O trabalho e suas implicações subjetivas
Os significados e sentidos do trabalho são
pesquisados há anos pelas mais diversas áreas do conhecimento. Alguns
estudiosos defendem a distinção entre os termos, enquanto outros os utilizam
como sinônimos. A despeito da problemática dos conceitos, a etimologia da
palavra sentido, originária do latim sensus,
remete à percepção, significado, sentimento. Pode-se considerar que os
significados são construídos coletivamente em um determinado contexto
histórico, econômico e social concreto, enquanto os sentidos são uma produção
pessoal em função da apreensão individual dos significados coletivos nas
experiências do cotidiano. Uma revisão da literatura mostra que mesmo havendo
diferentes estudos sobre significado e sentido, o que há em comum entre eles –
e provavelmente a questão mais importante – é que ambos são produzidos pelo
sujeito a partir de sua experiência concreta na realidade (Tolfo, Coutinho,
Almeida, Baasch & Cugnier, 2005).
Útil para discussão deste artigo é a definição que
Morin (2001) apresenta de sentido do trabalho como uma estrutura afetiva
formada por três componentes: significado, orientação e coerência. O
significado refere-se às representações que o indivíduo tem de suas atividades
e o valor que lhe atribui; a orientação é a inclinação para o trabalho, o que
ele busca e o que guia suas ações; e a coerência é o equilíbrio que o indivíduo
espera de sua relação com o trabalho. Sendo a relação do sujeito com o trabalho
uma dimensão afetiva, é compreensível que a falta de trabalho gere um sentimento
de perda semelhante ao que se desenvolve no processo de luto.

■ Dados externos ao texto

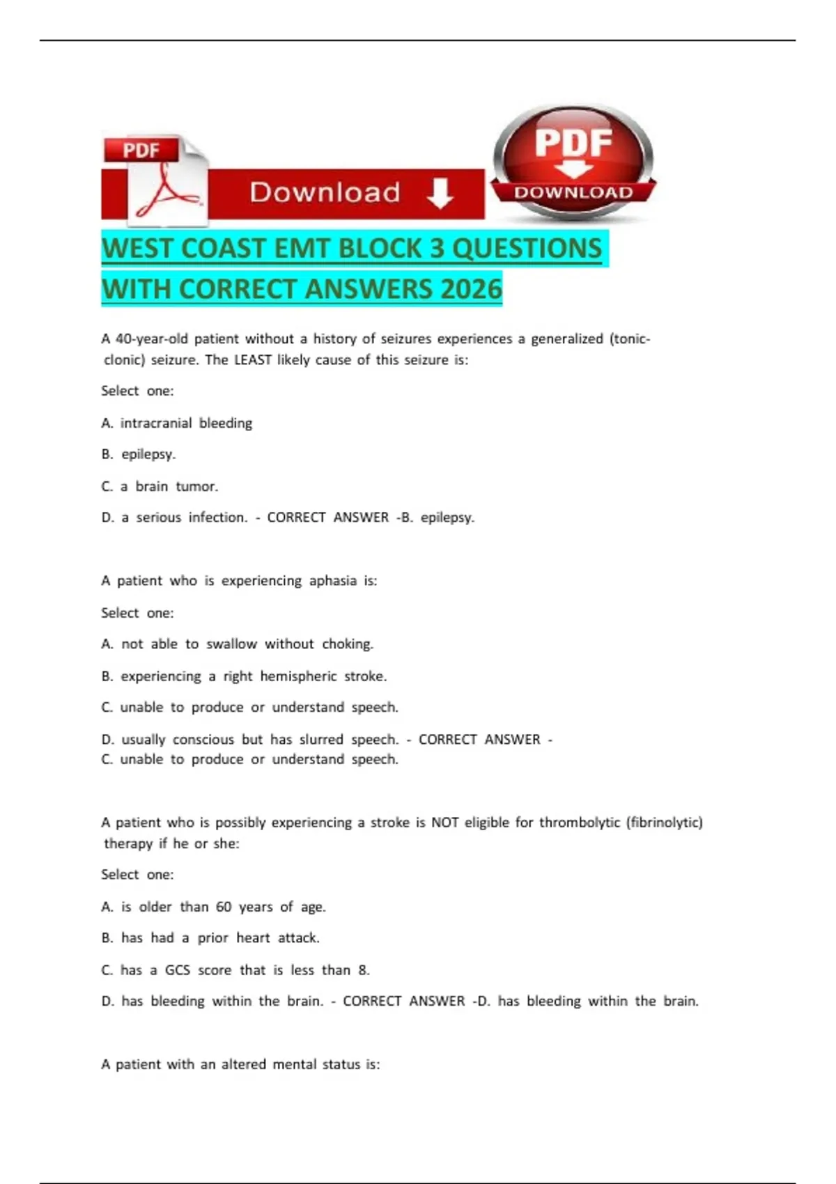 WEST COAST EMT BLOCK 3 QUESTIONS WITH CORRECT ANSWERS 2026

Pesquisas realizadas pelo grupo MOW (1987) e por
Morin (2001) apontam que mesmo que tivessem condições de viver confortavelmente
para o resto da vida, as pessoas continuariam trabalhando, pois o trabalho,
além de ser uma fonte de recursos financeiros, é um meio de se relacionar com
os outros, de se sentir parte integrante de um grupo, de ter uma ocupação e de
ter uma meta a ser atingida na vida. É indiscutível que o trabalho transborda
sentido individual e social, é um meio de produção da vida de cada um ao
permitir subsistência, criar sentidos existenciais ou contribuir na
estruturação da identidade e subjetividade.
O trabalho como uma
atividade genérica torna-se uma forma de relacionar-se com coisas e pessoas, e
em consequência disso leva à configuração de identidades, jeitos de ser e
existir no mundo compartilhado. Sendo assim, o desemprego é, frequentemente, a
origem de experiências de solidão, desamparo e desespero (Sato e Schdmit, 2004).

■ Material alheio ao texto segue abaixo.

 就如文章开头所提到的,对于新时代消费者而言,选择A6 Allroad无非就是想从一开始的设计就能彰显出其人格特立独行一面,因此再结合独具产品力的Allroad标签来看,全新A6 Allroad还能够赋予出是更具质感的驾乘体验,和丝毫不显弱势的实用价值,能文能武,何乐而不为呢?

Essa vivência subjetiva decorrente da perda do trabalho não pode ser
compreendida dissociada do contexto de vida do sujeito, do contrário seria
incorrer em uma abstração. Trabalhar é condição fundamental para viver, não
apenas viver materialmente ou socialmente, mas além de tudo subjetivamente. O
trabalho é fonte não só de sofrimento, mas também de estruturação pessoal.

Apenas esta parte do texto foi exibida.